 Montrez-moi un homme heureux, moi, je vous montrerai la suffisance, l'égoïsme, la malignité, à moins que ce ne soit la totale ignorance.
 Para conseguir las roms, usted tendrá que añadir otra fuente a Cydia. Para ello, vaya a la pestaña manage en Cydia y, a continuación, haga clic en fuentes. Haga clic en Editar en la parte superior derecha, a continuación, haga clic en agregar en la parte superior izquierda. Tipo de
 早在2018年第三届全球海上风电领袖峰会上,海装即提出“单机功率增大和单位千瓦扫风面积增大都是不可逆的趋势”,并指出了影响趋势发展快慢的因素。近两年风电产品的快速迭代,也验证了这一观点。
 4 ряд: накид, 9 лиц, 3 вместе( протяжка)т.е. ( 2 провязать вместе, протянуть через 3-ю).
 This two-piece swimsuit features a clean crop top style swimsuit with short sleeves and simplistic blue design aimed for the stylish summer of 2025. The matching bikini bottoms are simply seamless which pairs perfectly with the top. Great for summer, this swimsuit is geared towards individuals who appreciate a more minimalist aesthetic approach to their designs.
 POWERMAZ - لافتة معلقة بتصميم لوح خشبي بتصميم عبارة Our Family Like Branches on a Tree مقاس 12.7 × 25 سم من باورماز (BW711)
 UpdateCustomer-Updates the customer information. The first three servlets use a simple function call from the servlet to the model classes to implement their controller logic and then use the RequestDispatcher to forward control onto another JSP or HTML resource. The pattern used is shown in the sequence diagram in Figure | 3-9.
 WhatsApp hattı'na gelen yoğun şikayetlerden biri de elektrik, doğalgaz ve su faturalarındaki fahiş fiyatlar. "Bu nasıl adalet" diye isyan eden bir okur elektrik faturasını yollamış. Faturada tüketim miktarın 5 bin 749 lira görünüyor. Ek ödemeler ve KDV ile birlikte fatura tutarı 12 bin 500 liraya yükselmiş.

...

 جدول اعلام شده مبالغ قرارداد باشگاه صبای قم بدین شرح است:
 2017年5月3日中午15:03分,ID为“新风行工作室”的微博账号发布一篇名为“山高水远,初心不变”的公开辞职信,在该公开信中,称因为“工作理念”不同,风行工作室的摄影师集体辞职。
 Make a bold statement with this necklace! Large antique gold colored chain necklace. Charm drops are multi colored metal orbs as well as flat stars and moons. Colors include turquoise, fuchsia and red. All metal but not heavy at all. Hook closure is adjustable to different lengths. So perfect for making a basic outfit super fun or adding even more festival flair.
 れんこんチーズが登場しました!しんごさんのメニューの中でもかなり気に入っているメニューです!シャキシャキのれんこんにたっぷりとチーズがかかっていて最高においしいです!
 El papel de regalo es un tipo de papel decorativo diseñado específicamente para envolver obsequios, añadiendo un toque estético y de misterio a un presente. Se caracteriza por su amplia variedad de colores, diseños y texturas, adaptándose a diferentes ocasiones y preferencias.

==

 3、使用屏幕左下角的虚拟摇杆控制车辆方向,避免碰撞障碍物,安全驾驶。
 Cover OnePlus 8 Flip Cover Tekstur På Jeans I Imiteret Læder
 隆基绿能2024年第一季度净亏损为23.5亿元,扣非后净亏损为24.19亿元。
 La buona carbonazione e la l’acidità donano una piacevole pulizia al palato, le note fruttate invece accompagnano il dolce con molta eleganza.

◆ **WHAT YOU WILL DO**
Give again, word for word, every line of the listing above from the one with "Montrez-moi un homme" to the one with "WhatsApp hattı'na gelen", both inclusive, and nothing beyond them.

◆ **COMPLETED EXERCISE**
 Montrez-moi un homme heureux, moi, je vous montrerai la suffisance, l'égoïsme, la malignité, à moins que ce ne soit la totale ignorance.
 Para conseguir las roms, usted tendrá que añadir otra fuente a Cydia. Para ello, vaya a la pestaña manage en Cydia y, a continuación, haga clic en fuentes. Haga clic en Editar en la parte superior derecha, a continuación, haga clic en agregar en la parte superior izquierda. Tipo de
 早在2018年第三届全球海上风电领袖峰会上,海装即提出“单机功率增大和单位千瓦扫风面积增大都是不可逆的趋势”,并指出了影响趋势发展快慢的因素。近两年风电产品的快速迭代,也验证了这一观点。
 4 ряд: накид, 9 лиц, 3 вместе( протяжка)т.е. ( 2 провязать вместе, протянуть через 3-ю).
 This two-piece swimsuit features a clean crop top style swimsuit with short sleeves and simplistic blue design aimed for the stylish summer of 2025. The matching bikini bottoms are simply seamless which pairs perfectly with the top. Great for summer, this swimsuit is geared towards individuals who appreciate a more minimalist aesthetic approach to their designs.
 POWERMAZ - لافتة معلقة بتصميم لوح خشبي بتصميم عبارة Our Family Like Branches on a Tree مقاس 12.7 × 25 سم من باورماز (BW711)
 UpdateCustomer-Updates the customer information. The first three servlets use a simple function call from the servlet to the model classes to implement their controller logic and then use the RequestDispatcher to forward control onto another JSP or HTML resource. The pattern used is shown in the sequence diagram in Figure | 3-9.
 WhatsApp hattı'na gelen yoğun şikayetlerden biri de elektrik, doğalgaz ve su faturalarındaki fahiş fiyatlar. "Bu nasıl adalet" diye isyan eden bir okur elektrik faturasını yollamış. Faturada tüketim miktarın 5 bin 749 lira görünüyor. Ek ödemeler ve KDV ile birlikte fatura tutarı 12 bin 500 liraya yükselmiş.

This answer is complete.